Answer
$f (s,xy) = f (f (s,x), y)$ for all states s ∈ S and all strings $x ∈ I ^∗$ and $y ∈ I^∗$.
Work Step by Step
Using a deterministic finite-state automaton M = $(S, I, f, s_0, F)$, using structural induction and the recursive
definition of the extended transition function f for proving that $f (s,xy) = f (f (s,x), y)$ for all states s ∈ S and all
strings $x ∈ I ^∗$ and $y ∈ I^∗$.
We use structural induction on the input string y.
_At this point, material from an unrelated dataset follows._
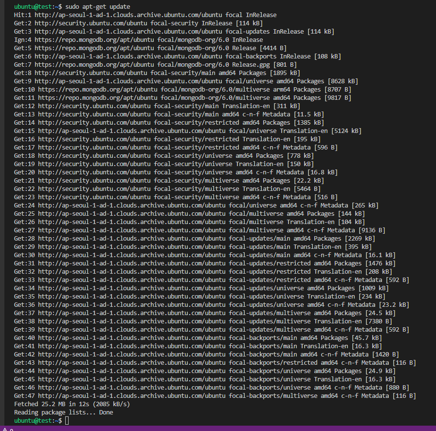 2. MongoDB에 대한 목록 파일을 만듭니다 echo "deb [ arch=amd64, arm64 ] https://repo.mongodb.org/apt/ubuntu focal/mongodb-org/6.0 multiverse" | sudo tee /etc/apt/sources.list.d/mongodb-org-6.0.list

-The basis step considers $y = λ,$
and for the inductive step we write $ y = wa,$ where $w ∈ I^*$
and $a ∈ I$ .
- For the basis step, we have xy = x, so we must show that $f (s,x) = f (f (s,x), λ).$
-But part (i) of the definition of the extended transition function
says that this is true.
- We then assume the inductive hypothesis that the equation holds for w and
-prove that
$f (s, xwa) = f (f (s, x), wa)$. By part (ii) of the definition,
-the left-hand side of this equation equals $f (f (s, xw), a).$
-By the inductive hypothesis, $f (s, xw) = f (f (s, x), w),$
so
- f (f (s, xw), a) = f (f (f (s, x), w), a).
-The righthand side of our desired equality is, by part (ii) of the
definition, also equal to f (f (f (s, x), w), a), as desired.